A feral cat colony being fed in an urban setting. Photo: Wikimedia Commons
A single rabid cat from an unmanaged feral colony near a hotel in Cecil County, Maryland scratched and bit two people on August 8, 2024. Within days, public health officials were scrambling to track down 309 hotel guests across 27 states and Canada who may have been exposed.
The CDC published its full report in the Morbidity and Mortality Weekly Report in August 2025. The findings are a case study in how one unmanaged cat colony can trigger a multi-state public health emergency.
What Happened
The colony of roughly 20 feral cats had established itself near a hotel in Cecil County. Nobody managed them. Nobody vaccinated them. They just existed, breeding and roaming the property.
On August 8, one of the cats turned aggressive and attacked two residents, biting and scratching them. The cat was captured and euthanized. It tested positive for rabies on August 10.
Rabies is nearly 100 percent fatal once symptoms appear. There is no cure. The only option is post-exposure prophylaxis (PEP), a series of shots that must be administered before symptoms develop. The clock was ticking for anyone who had contact with that colony.
The Response
Health authorities had to identify every guest who stayed at or visited the hotel during the exposure window. That meant tracking 309 people scattered across 27 U.S. states and parts of Canada. The response pulled in 29 separate jurisdictions and consumed over 450 hours of personnel time.
Of the 197 people who completed risk assessments, three were confirmed exposed and received PEP. No human rabies cases occurred - but only because the response was fast enough.
The CDC's report included a pointed warning: "TNR programs that do not incorporate rabies prevention components might inadvertently increase risks."
CDC MMWR: Rabies Outbreak in an Urban, Unmanaged Cat Colony - Maryland, August 2024
Global Biodefense: Maryland Cat Colony Exposes Gaps in Urban Animal Management
The Bigger Picture
Cats are the most frequently reported rabid domestic animal in the United States. Between 200 and 300 cats test positive for rabies annually. The CDC estimates that rabies PEP costs linked to cat exposures run roughly $33 million per year.
Feral colonies are the epicenter of this risk. Unvaccinated, unmonitored, and often fed by well-meaning residents who have no idea what diseases are circulating in the group. A fed colony is not a managed colony. Feeding keeps them alive and concentrated. It does nothing about rabies, feline leukemia, or the dozen other pathogens these animals carry.
Cecil County got lucky.

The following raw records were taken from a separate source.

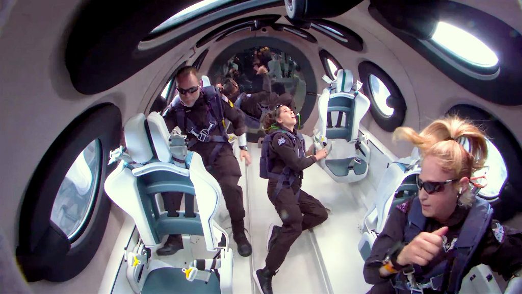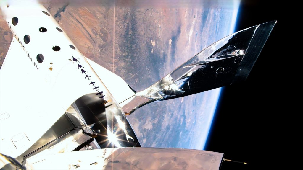 The Unity vehicle, with two pilots and four passengers aboard, climbed high over the New Mexico desert to the edge of space – before gliding back down.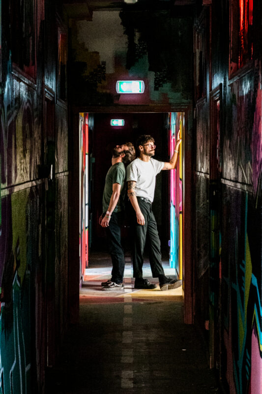 Il y a des groupes qui naissent dans la lumière. D’autres dans l’urgence. vonsharon appartient clairement à la seconde catégorie. Le duo breton ne cherche ni les fioritures ni les paillettes. Une batterie, une guitare, une voix (parfois deux). Rien de plus. Leur premier album, text when you get home, est sorti le 13 février 2026, veille de Saint Valentin mais ne sonne pas comme une déclaration romantique. Plutôt comme un message envoyé à 2h17 du matin, relu dix fois avant d’appuyer sur “envoyer”. Né d’une faille intime survenue lors des attentats au Bataclan, vonsharon ne transforme pas le traumatisme en posture. Il le canalise. L’énergie du disque tient de là : une tension constante proche du débordement.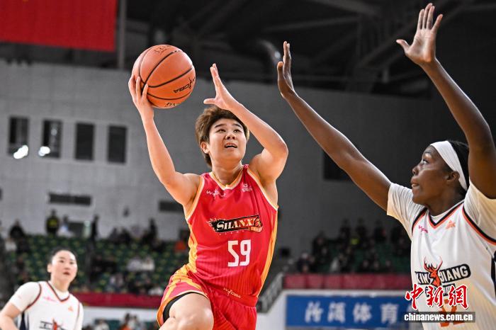 1月9日,山西队球员林育庭(红衣)在比赛中上篮。当日,在太原举行的2025-2026赛季中国女子篮球联赛(WCBA)常规赛第14轮比赛中,山西竹叶青酒队主场以96比73战胜新疆天山队。中新社记者 韦亮 摄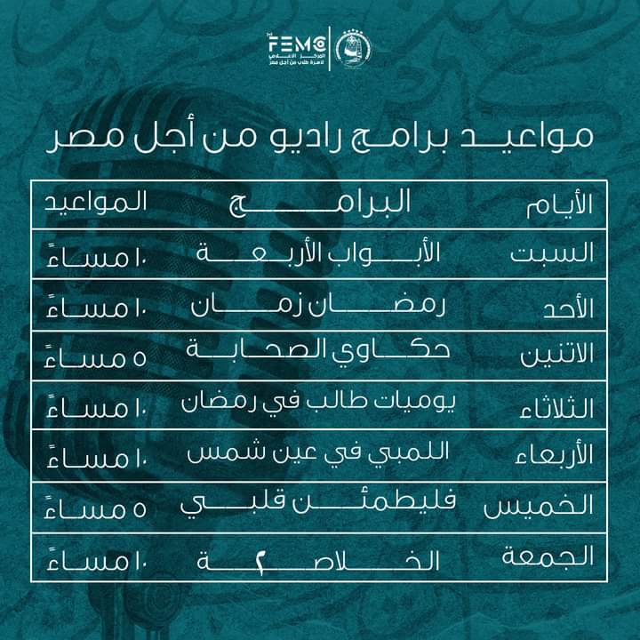 وأضافت أسرة من أجل مصر بـ جامعة عين شمس، أن يوم الأربعاء البرنامج سيكون تحت عنوان اللمبي في عين شمس في تمام الساعة 10 مساءً، ويوم الخميس البرنامج سيكون عبارة عن فليطمئن قلبي في تمام الساعة 5 مساءًَ، وأخيرًا يوم الجمعة البرنامج تحت عنوان الخلاصة في تمام الساعة الـ 10 مساءً.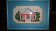 ขายภาพปักครอสติชรูปบ้านพร้อมกรอบสีฟ้าขนาด 27*19.5 ซม. ราคา 490 บาท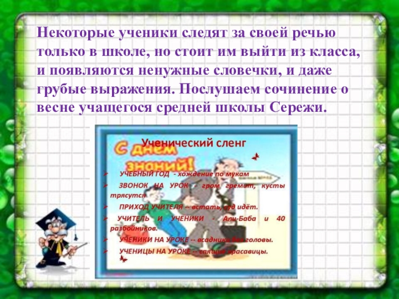 им выйти из класса, и появляются ненужные словечки, и даже грубые выражения. Послушаем сочинение о весне учащегося средней школы Сережи.
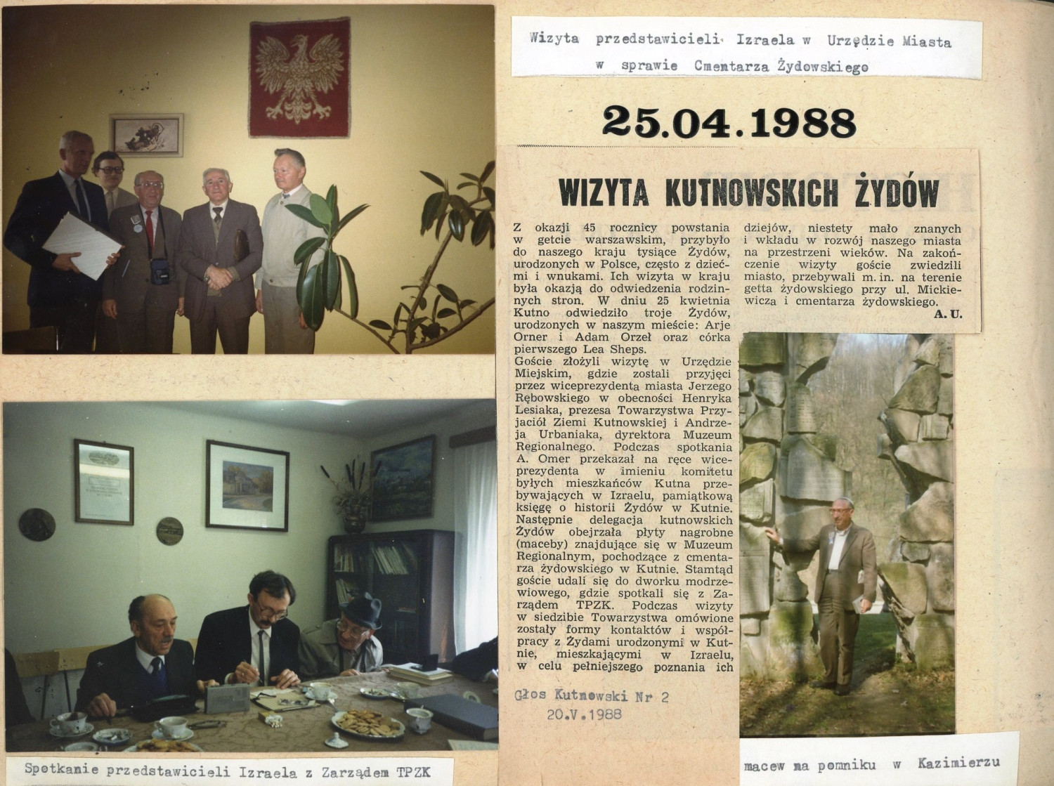 38 lat temu, 25 kwietnia 1988 roku, odwiedziło Kutno – miejsce swojego urodzenia − dwóch dawnych mieszkańców wyznania mojżeszowego żyjących w Izraelu − Arje Orner, który przyjechał z córką Leą Sheps, i Adam Orzeł. Podobnie jak kilkutysięczna rzesza Żydów urodzonych w Polsce, przybyli na obchody 45. rocznicy wybuchu powstania w getcie warszawskim i przy okazji odwiedzili rodzinne miasto.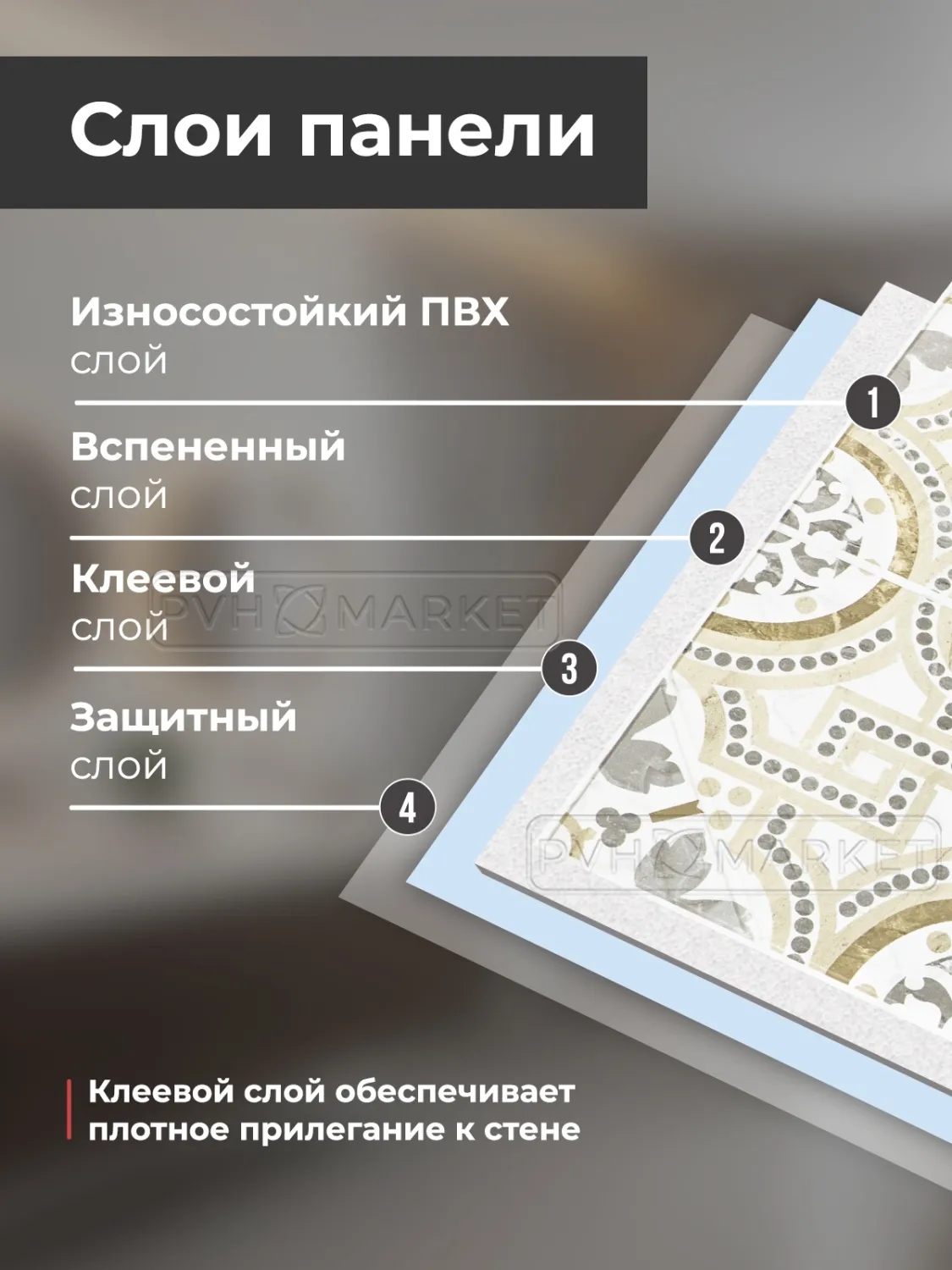 Cовременное решение для быстрого и стильного обновления интерьера без сложного ремонта. Панель легко крепится на любую ровную поверхность: стены кухни, ванной, прихожей или балкона. Благодаря прочной основе и качественному клеевому слою она надежно фиксируется и устойчива к влаге, перепадам температур и загрязнениям.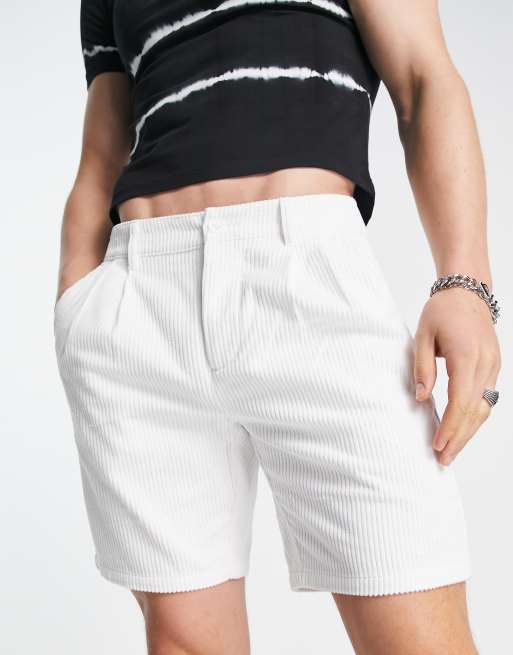 ASOS DESIGN – Zigaretten-Shorts aus Cord in Weiß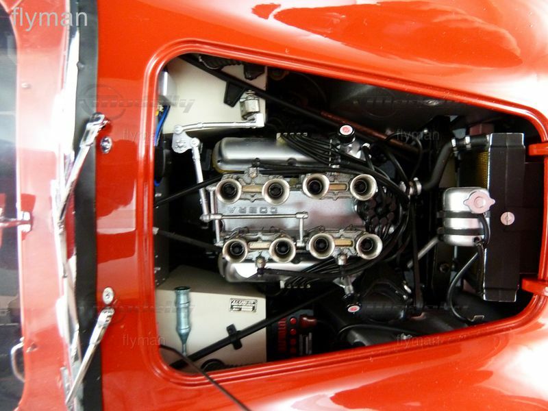 Neben der auffälligen roten Lackierung zeigt das Modell von GMP im 1:12 Maßstab auch präzise nachgebildete Details wie die Lufteinlässe an den Seiten, die charakteristische Form der Motorhaube und die eingravierten Embleme. Die präzise Nachbildung umfasst auch die Facetten der Beleuchtungselemente und die elegante Form der Rückspiegel. Dieses Modell ist nicht nur ein Augenschmaus, sondern auch ein Zeugnis hoher Handwerkskunst im Modellbau.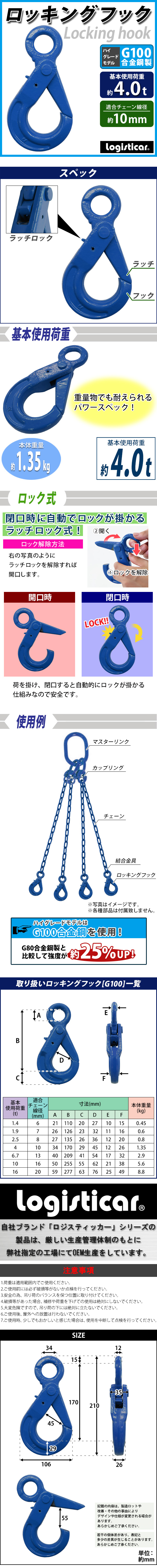 - 送料無料 ロッキングフック 使用荷重約4t 約4000kg G100 鍛造 ハイグレードモデル フック 固定式 吊り具 ロックフック セルフロッキング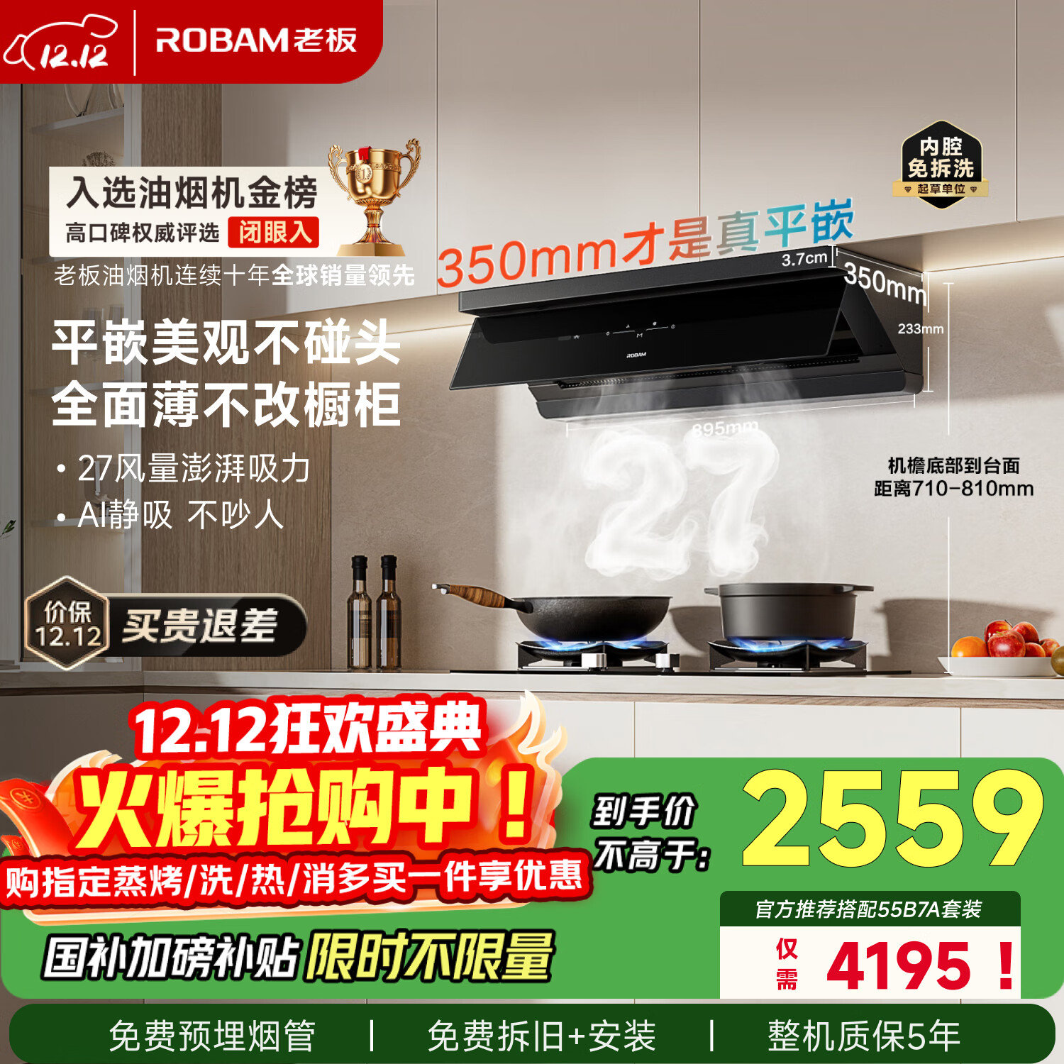 自营老板【超薄平嵌小黑镜L1】抽吸排油烟机27风量顶侧一体免拆洗【推荐搭55B7A】家用以旧换新国家补贴20%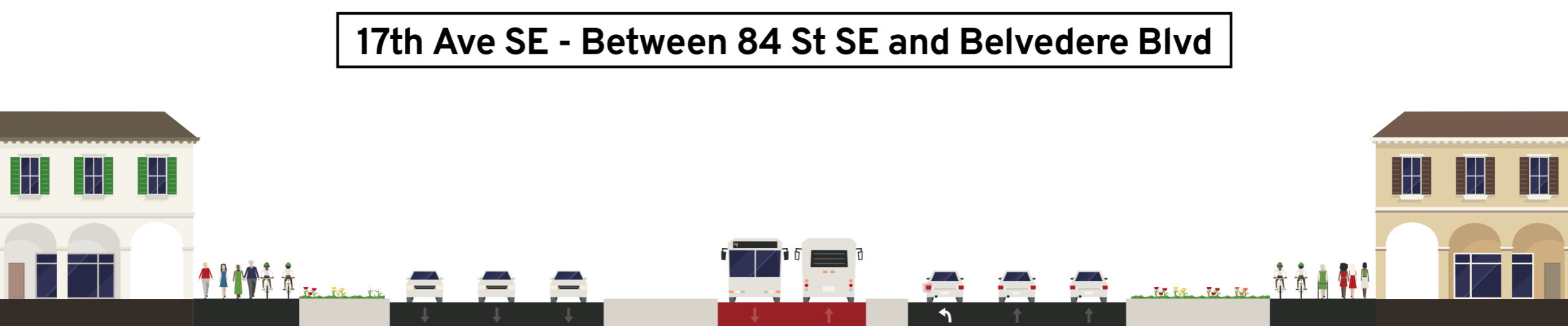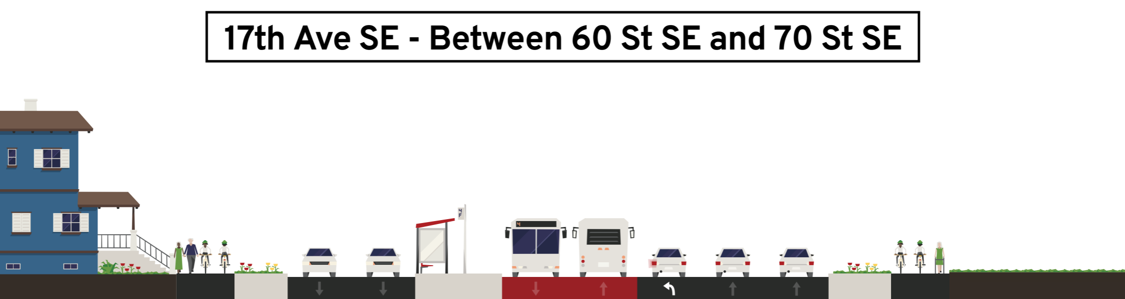 These sections of 17 Ave. S.E. between 60th Street and 70th Street, and 84 Street and Belvedere Boulevard, will consist of MAX Purple bus lanes, roadways and walking and wheeling connections.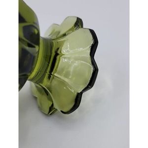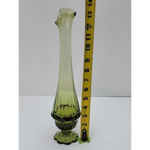 This unique Fenton Swung vase has a beautiful petal base and stands at 13 3/4 inches tall. The glossy green finish and abstract art design make this a perfect addition to any collection. The vase is made of fused glass and was produced in the United States. It is an original piece, not a licensed reproduction, and has vintage qualities. The pattern is ruffled and the brand is Fenton. The vase is in great shape with No chips, No cracks and or repairs. It would make an excellent decorative piece for any home or office.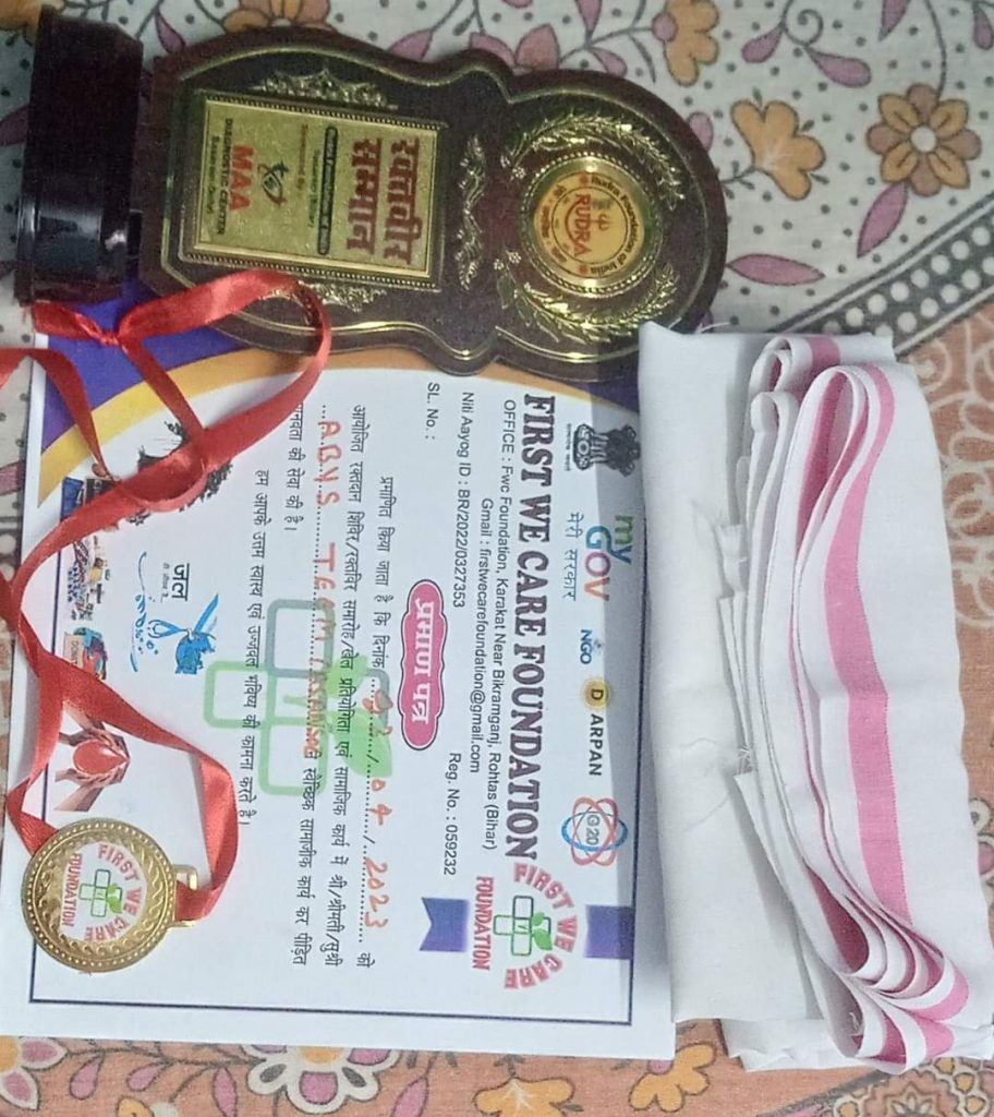 अखिल भारतीय युवा शक्ति की टीम को रक्तदान के क्षेत्र में उनके योगदान के लिए सासाराम में किया गया सम्मानित: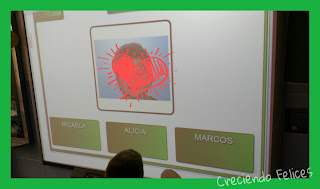 Esta actividad, la hicimos mucho el curso pasado. Ahora todos son capaces de identificar su nombre, pero los primeros días volvimos a practicarla porque les encanta, y añadimos la variante de adivinar el nombre del resto de los compañer@s. Está diseñada con el software de la PDI (SMART NOTEBOOK 10). En el recuadro central, van pasando todas las fotos muy deprisa. Lo tocas y se para en una imagen, con tres alternativas de nombres a elegir y sólo uno correcto. A continuación, vuelven a pasar nuevamente las imágenes y se para en una diferente, sin repetir en ninguna ocasión hasta que han aparecido todas las fotos.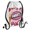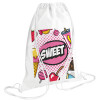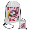 SWEET, Τσάντα πλάτης πουγκί GYMBAG λευκή, με τσέπη (40x48cm) & χονδρά κορδόνια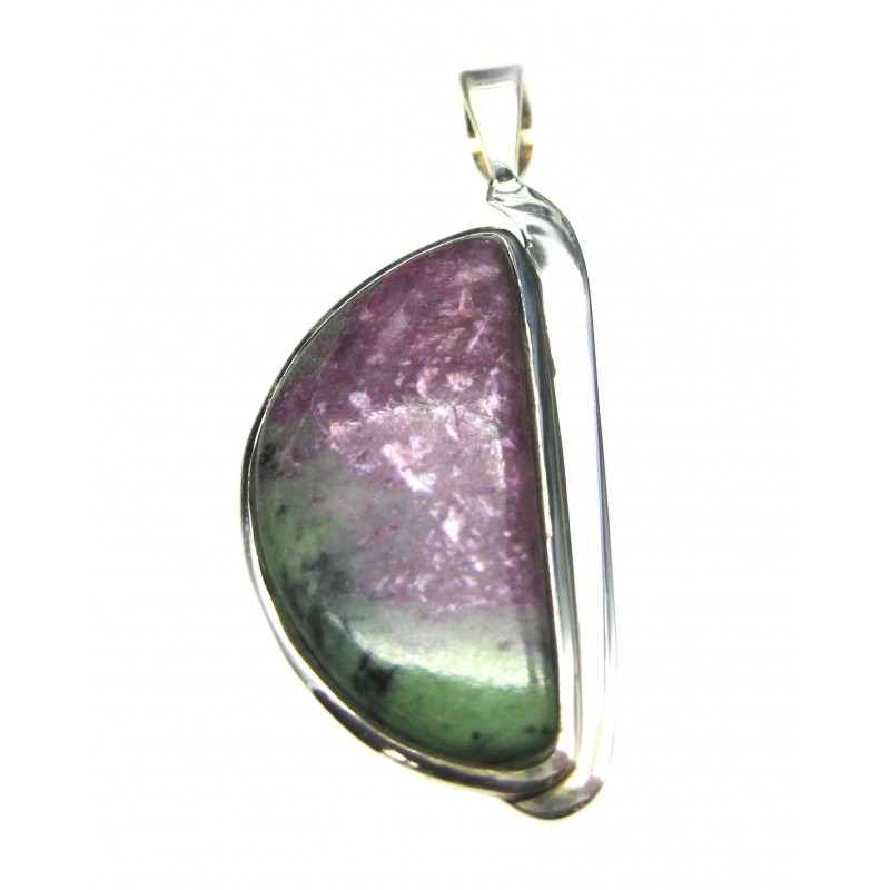 Anhänger Zoisit (Anyolith) mit Rubin Halbkreis, 20x49 mm, feste Öse, Schlaufenform, 925er Silber

The cat attacked people near a hotel with a guest registry, making contact tracing possible. Imagine the same scenario at a park, a strip mall parking lot, or a school playground. No registry. No way to trace who walked past and got scratched.
The Cost of Doing Nothing
Every unmanaged feral colony is a ticking clock. Not a question of if, but when. The Cecil County incident required 29 jurisdictions, 450 hours of work, and PEP treatment for confirmed exposures - all because nobody bothered to manage 20 cats.
The math is simple. Vaccinate, sterilize, and manage the colony - or accept that one day a rabid cat will turn a hotel into a multi-state health emergency. Maryland found out. The question is who is next.